History had conspired, for a time, to set him in a world where risk, up to the very edge of extinction, was a point of honour, and animal energy had scope. It was his natural element. After that, life at the Crossing seemed to him like daily punishment. He hated the regularity of it, the timetable the ferry ran on, the six-minute crossing, then the same time back, his having to be home, and already washed and brushed up, for dinner at twelve and for tea at six, the fuss about knives and forks and the state of his socks. It meant nothing to him that Keens had been at the Crossing for a hundred years and that the place bore his name. He was too young, he felt, for the responsibilities that were put upon him by a household that had arrived from nowhere, had simply crept up on him (that’s how he saw it) while he was dreaming at the wheel. She was the trouble, the girl he’d got.

He had met her the first week he was back. She was a barmaid in a city pub. He had taken one look at her and told himself: ‘She’ll do.’

He said this thoughtlessly, because he was eighteen, wanted a girl of his own and didn’t know any better. He was home now, and the next thing to do was get married. It was what blokes did . What else was there? He knew nothing about her except that she was lively, had newly arrived in the place and had a soft mouth with just a touch of colour to it. He had spent three years dreaming of that colour. She ruled the rough clientele of the pub, which was a waterside pub at The Rocks, in an easy, no-nonsense way that impressed him. You could play up to her but there was a line, and she soon let you know if you tried to cross it. He was amused by that.

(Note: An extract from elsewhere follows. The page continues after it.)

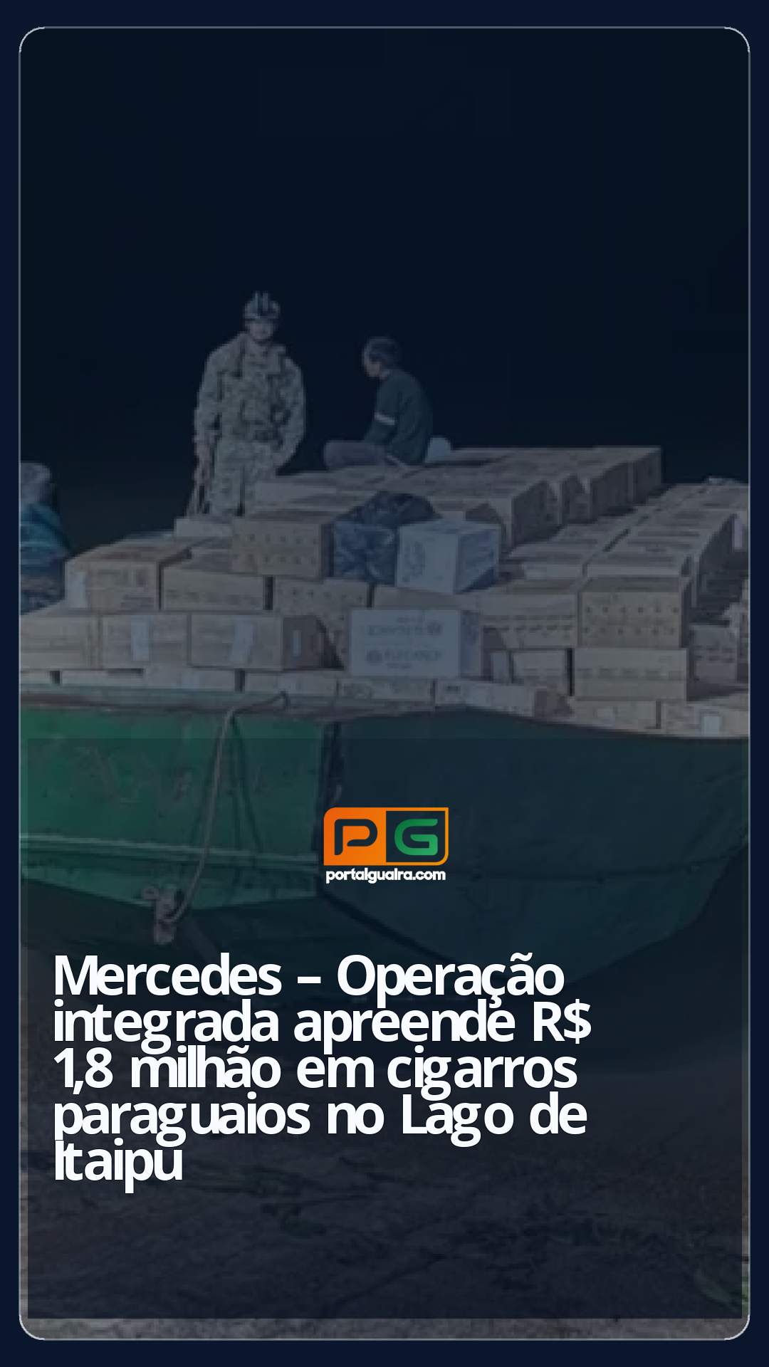 Uma operação conjunta entre a Polícia Federal (NEPOM) e o Batalhão de Polícia de Fronteira (BPFRON) resultou na apreensão de uma carga de cigarros contrabandeados avaliada em R$ 1,8 milhão na madrugada de terça-feira (21). A ação ocorreu no município de Mercedes, no Oeste do Paraná, durante patrulhamento fluvial realizado no âmbito da Operação Protetor.

She knew what he was after. He was no different in that from the rest. But there was something in him that appealed to her. He was like a cricket, very chirpy and always on the dare. His military bravado took the civilian form of impudence, especially where girls were concerned. He would look you straight in the eye with so much confidence in his own attractions that she was tempted to laugh outright. ‘Yes, it’s me,’ the look said. ‘I’m a bit of all right, eh?’ He would wink then and you could see the utter satisfaction he felt in himself. ‘Well, that oughta do it.’